Por lo tanto, ¿a qué nos lleva exactamente todo este “escuchar y aprender”? En los primeros días de verano, mientras mi perro ladraba a los manifestantes que inundaban la calle delante de mi edificio, traté de decidir si quería o no sumarme a ellos. Cuando por fin lo hice, sentí un millón de cosas al mismo tiempo: me sentí conmovida, orgullosa y esperanzada y furiosa y ofendida y desesperada. Había algo legítimamente bello en formar parte de una multitud multirracial, multigeneracional y de diversas clases sociales, formada por personas que, durante meses, llenaron las calles, gritaron, se manifestaron y resistieron.

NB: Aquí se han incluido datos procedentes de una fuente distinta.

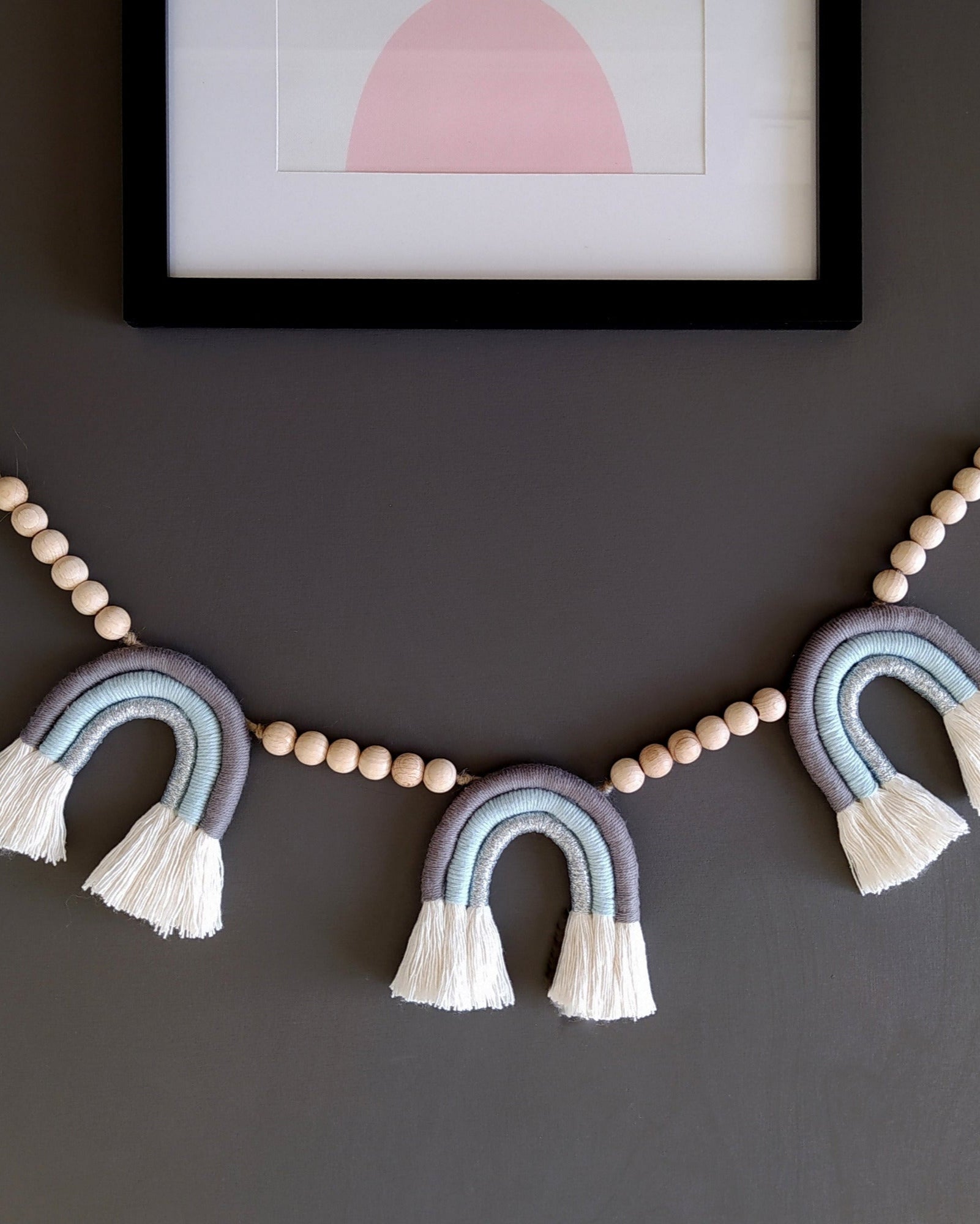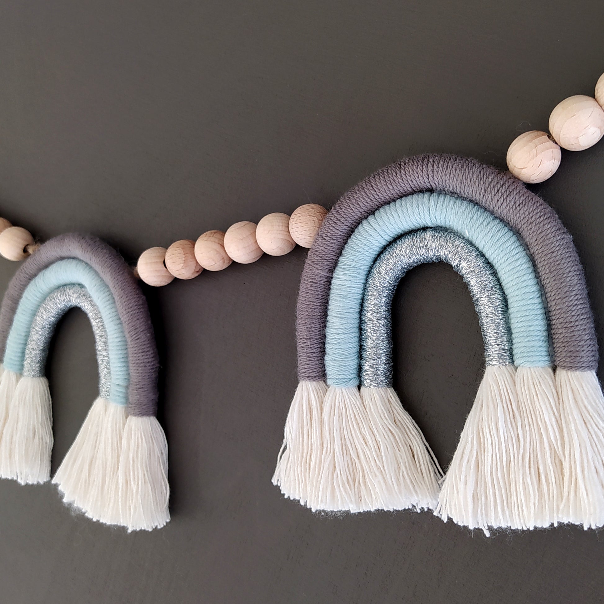 Näyttävä sateenkaariviiri on valmistettu huolellisesti käsityönä laadukkaista materiaaleista; puuvillalangasta- ja nyöristä. juuttinarusta ja puupalloista. Sateenkaarissa kätetty tehosteena hopeaista Lurex -lankaa. Viiri sopii hyvin lastenhuoneeseen, mutta löytää paikkansa myös muista kodin tiloista.

Y, aun así. Ver a personas blancas sosteniendo carteles de Black Lives Matter mientras marchábamos por un Brooklyn gentrificado. Ver a padres blancos subiéndose a sus hijos a los hombros, cantando “Black Lives Matter”, cuando sospecho que han hecho todo lo posible por asegurarse de que esos mismos niños jamás tengan que asistir a una escuela en la que haya más que un número elegantemente bajo de negros. Todo esto vuelve a traer a colación la discordancia. Esa repugnancia que expone la falsedad de la reverencia. Las palabras “Black Lives Matter”, las vidas negras importan —una frase reverente, sencilla y verdadera— no pueden ser más que falsas en boca de los que no toleran la vida negra, la vida real, cuando la ven en la escuela, en la consulta del médico, a un costado de la carretera. De todas maneras, me sumé a la manifestación. Pocos meses más tarde, salí de gira para presentar mi segunda novela, sabiendo lo que he sabido siempre. El mundo puede cambiar y seguir siendo exactamente el mismo.
Traducción de Eduardo Hojman.
Yaa Gyasi es escritora ghanesa-estadounidense. Su nuevo libro, ‘Más allá de mi reino’ (Salamandra), se publica el 13 de mayo.